Problem requirements: Though the records contain pictures, copy none of them; repeat exactly the lines from the one with "L'indirizzo Elettronica ed" to the end.

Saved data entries
§

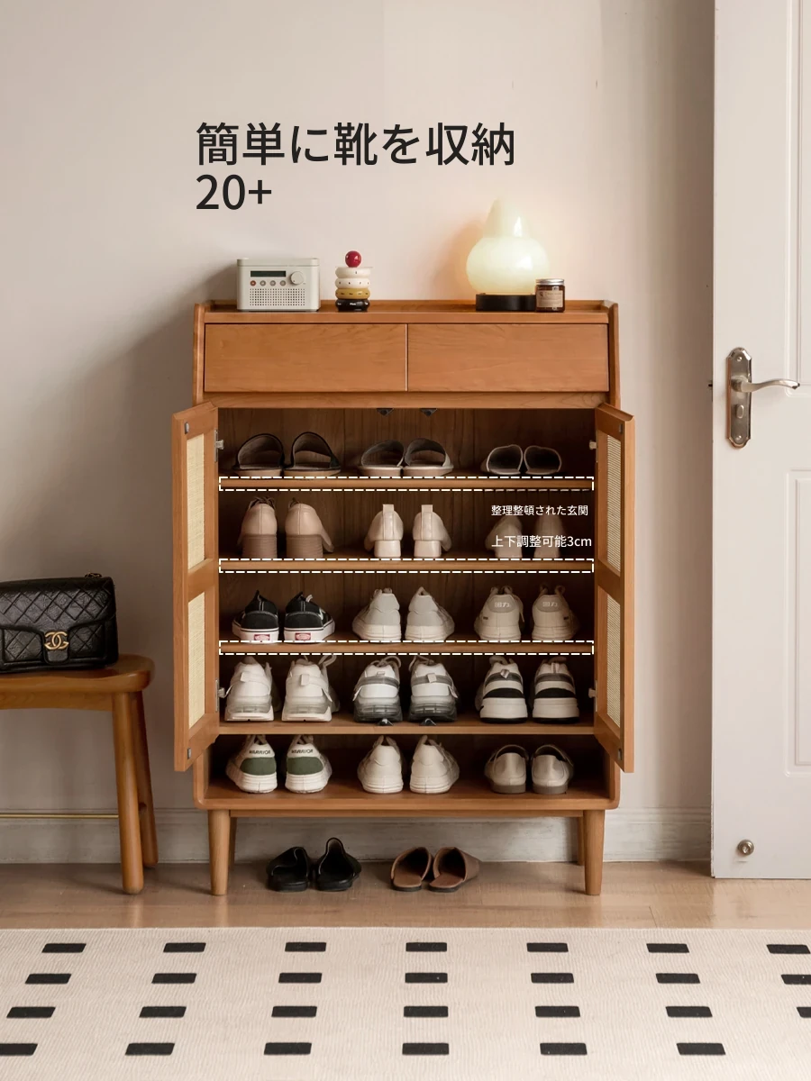 源氏木语天然木製シューズキャビネット - 家庭用エントランス収納!チェリーウッドとラタン編みの優雅なデザイン。リビングやバルコニーにも最適な収納力で、シンプルながらスタイリッシュな空間を演出します。
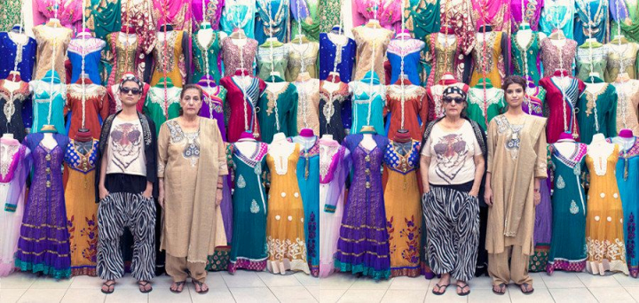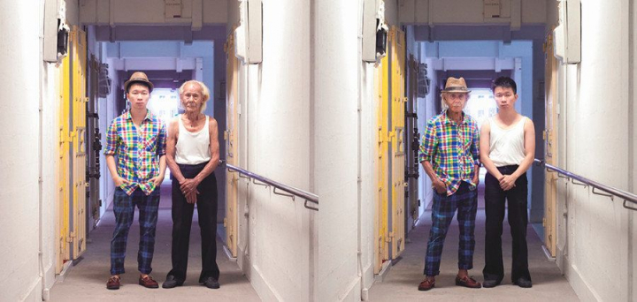 Qozop ha situado ante su objetivo a parejas formadas por dos miembros de la misma familia de generaciones distintas que se intercambian la ropa, de forma que al primer vistazo no es tan fácil apreciar cuál es el más joven.
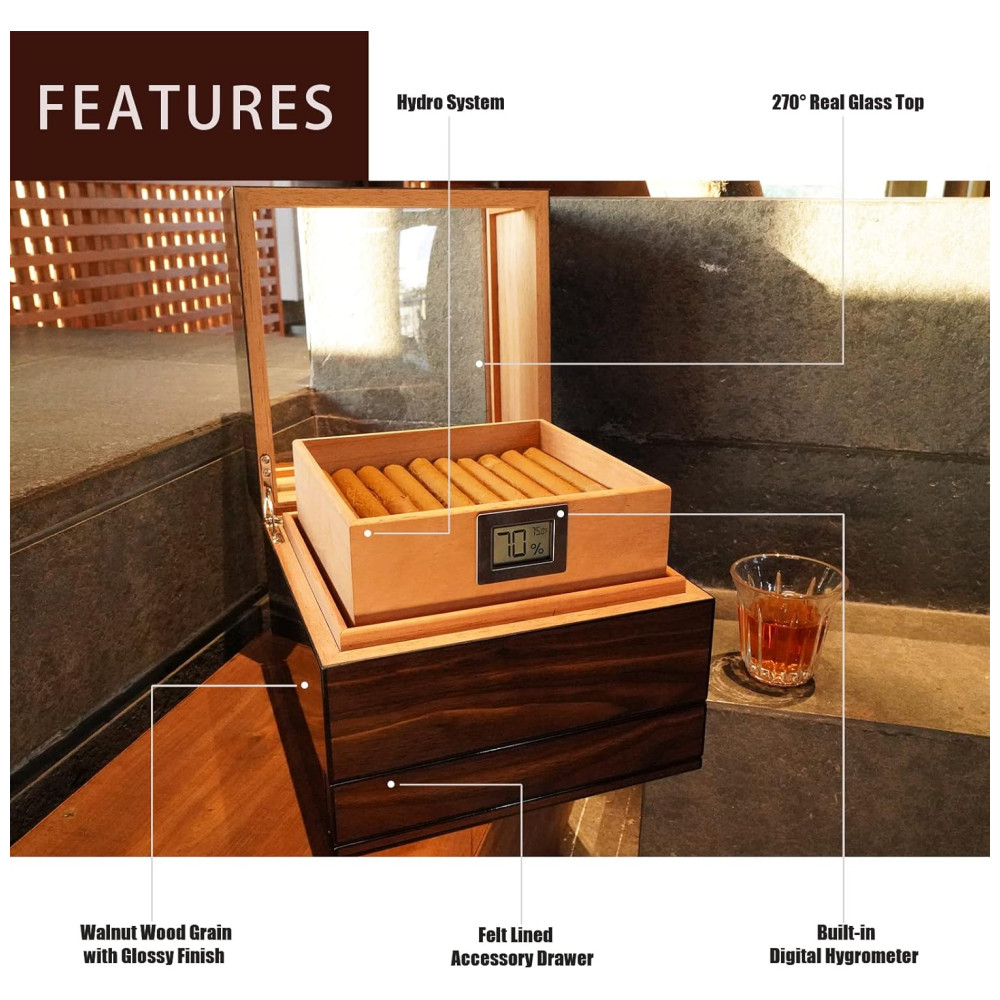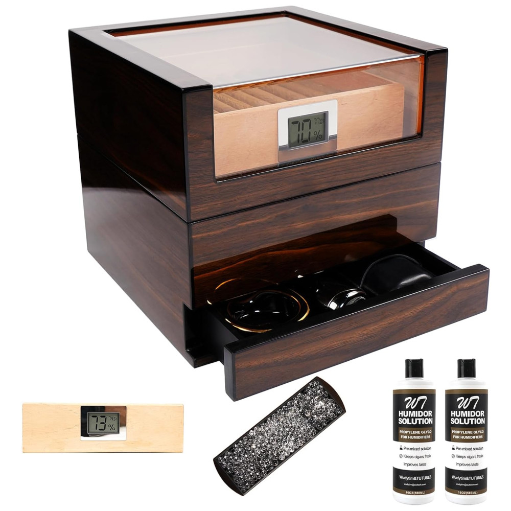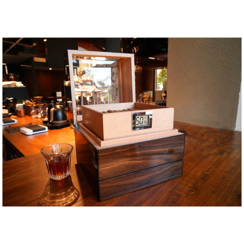 O umidor Cigar Box da TUTUNES é feito à mão com madeira de cedro espanhol natural, realçando o sabor natural dos charutos, prolongando sua vida útil e mantendo-os saudáveis. Com um verniz de madeira natural no exterior, cada humidor é único. Com capacidade para até 100 charutos, este humidor possui um design cientificamente aprimorado, incluindo um higrômetro digital embutido, bandeja de expansão e tampa inovadora que permite uma visão de 270 graus do interior. Armazene acessórios no amplo compartimento deslizante inferior forrado de feltro. Um presente ideal para apreciadores de charutos.
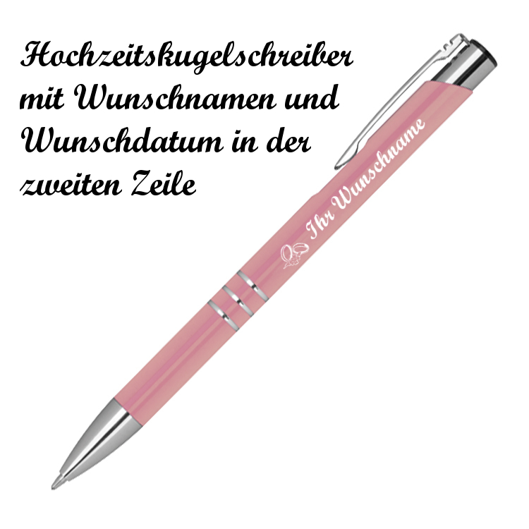 10 Kugelschreiber mit Namensgravur "Hochzeit" - aus Metall - Farbe: rose'
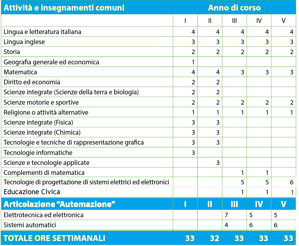 L'indirizzo Elettronica ed Elettrotecnica ha lo scopo generale di preparare lo studente nel campo della progettazione, costruzione e collaudo di impianti elettrici ed elettronici e di sistemi di automazione, partendo dalla conoscenza dei relativi materiali e tecnologie.
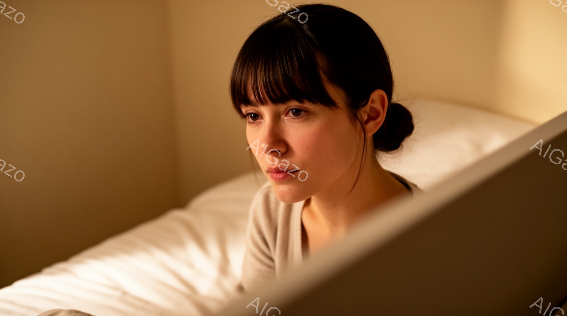 画像には、薄茶色のトップスを着た若い女性が写っています。彼女は髪を後ろでまとめ、少し物憂げな表情で何かを見つめています。背景はぼやけていますが、木製のフレームと白い寝具の一部が見え、穏やかで内省的な雰囲気が漂います。

§

Result of the exercise:
 L'indirizzo Elettronica ed Elettrotecnica ha lo scopo generale di preparare lo studente nel campo della progettazione, costruzione e collaudo di impianti elettrici ed elettronici e di sistemi di automazione, partendo dalla conoscenza dei relativi materiali e tecnologie.
 画像には、薄茶色のトップスを着た若い女性が写っています。彼女は髪を後ろでまとめ、少し物憂げな表情で何かを見つめています。背景はぼやけていますが、木製のフレームと白い寝具の一部が見え、穏やかで内省的な雰囲気が漂います。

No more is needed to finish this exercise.